96-year-old marks Victory Day, recalls road-building war feat

Thousands of local people build a road through mountains in southwest Yunnan so that the allied forces could send supplies to help China fight the Japanese aggressors during WWII.

Feng Zongyao, a veteran from the War of Resistance against Japanese Aggression, looks at a canteen used during WWII as he and four other veterans attend a commemoration in Zhongshan Hotel, Nanjing, eastern Jiangsu Province, yesterday, to mark the 73rd anniversary of the victory. The site was used as a military court to try Japanese war criminals.
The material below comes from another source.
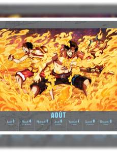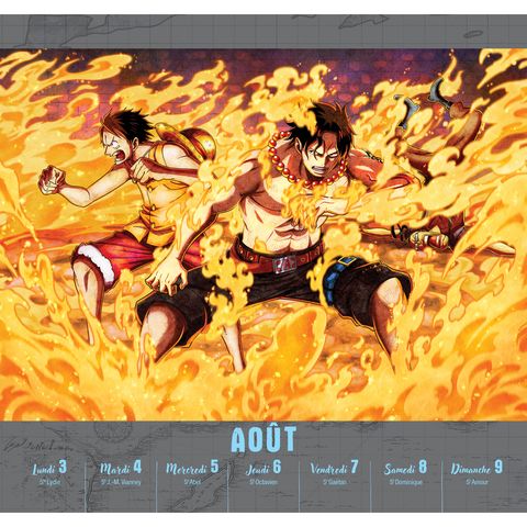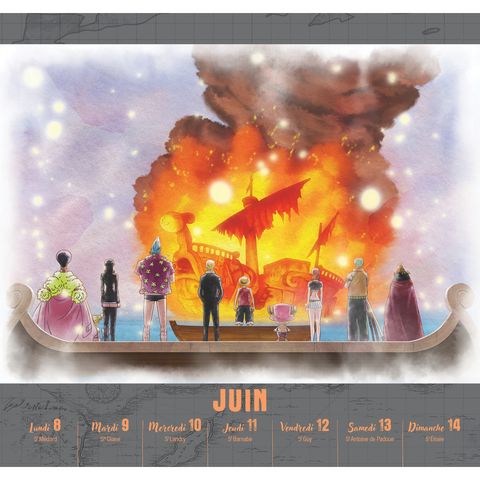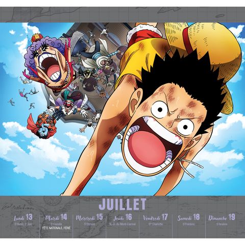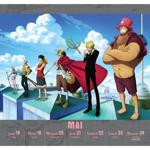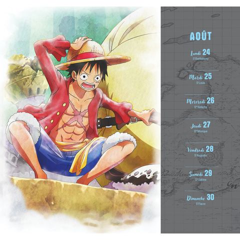 Une année au cœur de l’univers One Piece !Séquences mythiques, combats épiques, scènes légendaires… Grâce à ce calendrier officiel, revivez les meilleurs moments de votre anime en compagnie de vos héros préférés !Un calendrier chevalet 52 semaines à poser sur votre bureau.En bonus : un poster offert !

Yang Xiandou was only 15 years old when he joined thousands of local people to build a road through the mountains in southwest Yunnan Province so that the allied forces could send supplies to help China fight the Japanese aggressors during World War II.

The Japanese army escalated the invasion into a full-scale war in 1937, blocking ports in China’s coastal areas and cutting off the Yunnan-Vietnam railway, thus making it very difficult for China to get supplies from allies.

At that critical moment, a road was the key to all.

Memories of the hard days eight decades ago resurfaced as China yesterday marked the 73rd anniversary of the victory of the War of Resistance against Japanese Aggression and the World Anti-Fascist War.

Japan signed the formal surrender on September 2, 1945, and China celebrated its victory the following day and declared September 3 Victory Day.

Yang, born in 1922, was the youngest of four kids in a farming family living in Lijia Village in the city of Baoshan.

Local leaders came to every household and required villagers to help build a road linking Yunnan and Myanmar.

As the dawn broke on a cold winter day, the little boy set off on foot with a pole. He packed tools, including a hoe, two dustpans and a sickle and daily necessities for ten days — a quilt, clothes, as well as potatoes, rice and pickle.

“To get to the construction site, we had to climb up steep mountains more than 2,000 meters above sea level, with more than 30 kg of luggage for at least one day, from dawn to dusk,” he said.

On arriving, they had to build a shed in the nearby mountains first. Adults and the strong were responsible for the work. They cut four trees to form the foundation and then used sheets made of bamboo for the walls and roof. The only things inside were self-made straw mattresses which served as bed.

“A larger shed can fit four people while a smaller can fit two,” Yang said.

From morning to night, the road was filled with thousands of workers.

“Without any advanced equipment or machinery, everything depended on human forces,” he said.

Yang worked a total of 100 days, completing over 40 kilometers of road.

Besides Yang, about 200,000 Chinese people paved a miracle in road history, completing more than 540 km in nine months during the war, about half of the 1,146-km China-Myanmar road (also known as the Burma Road) that connects Kunming, the provincial capital of Yunnan, with Lashio of Myanmar.

“The China-Myanmar road played a vital role in China’s victory in its war against Japanese invasion, and the construction workers are the real heroes who made the impossible come true,” said Yu Ge, writer and WWII expert.

“They leave us with great spiritual heritage, motivating Chinese to pursue a better life with hard work.”

About 80 years later, most of the workers have died and Yang, 96, is one of less than 10 workers still alive. His life has undergone tremendous changes. Yang retired from a forest farm in 1980 and now enjoys pension and subsidies of about 3,000 yuan (US$439) a month.